THE TASK:
Please return the full listing exactly as written, with the images removed.

DATA SECTION:
• • • • •

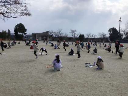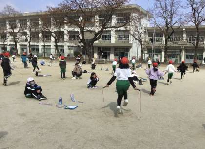 2年生のなわとび納め会です。時間チャレンジ(15秒間、跳び続けることに挑戦。種目は6種目)と回数チャレンジ(決められた時間で前跳びを何回とべるかに挑戦)を行いました。どの児童も、チャレンジ精神いっぱいで頑張りました。
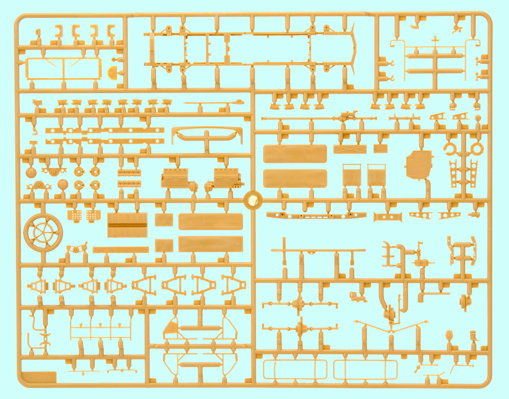 Детализированная подвеска, проработанные мосты, карданы, рычаги, стабилизаторы, пружины, проработанная несущая рама выполнена единой деталью, выхлопная система выполнена отдельными деталями.
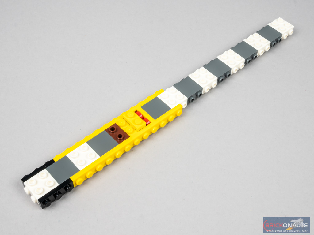 On ébauche l’arrière de l’engin en l’allongeant très légèrement, avant de recouvrir la partie inférieure de la machine de grandes tiles jaunes apportant la rigidité nécessaire à la tenue de l’ensemble. L’immense « capot » est fixé sur deux clips, et est donc légèrement incliné. Il est temps de repasser à l’arrière, avec un assemblage de briques SNOT et autres clips qui permettront la fixation des différents éléments – ce qui achève le 1er sachet de pièces.

• • • • •

RESPONSE:
 2年生のなわとび納め会です。時間チャレンジ(15秒間、跳び続けることに挑戦。種目は6種目)と回数チャレンジ(決められた時間で前跳びを何回とべるかに挑戦)を行いました。どの児童も、チャレンジ精神いっぱいで頑張りました。
 Детализированная подвеска, проработанные мосты, карданы, рычаги, стабилизаторы, пружины, проработанная несущая рама выполнена единой деталью, выхлопная система выполнена отдельными деталями.
 On ébauche l’arrière de l’engin en l’allongeant très légèrement, avant de recouvrir la partie inférieure de la machine de grandes tiles jaunes apportant la rigidité nécessaire à la tenue de l’ensemble. L’immense « capot » est fixé sur deux clips, et est donc légèrement incliné. Il est temps de repasser à l’arrière, avec un assemblage de briques SNOT et autres clips qui permettront la fixation des différents éléments – ce qui achève le 1er sachet de pièces.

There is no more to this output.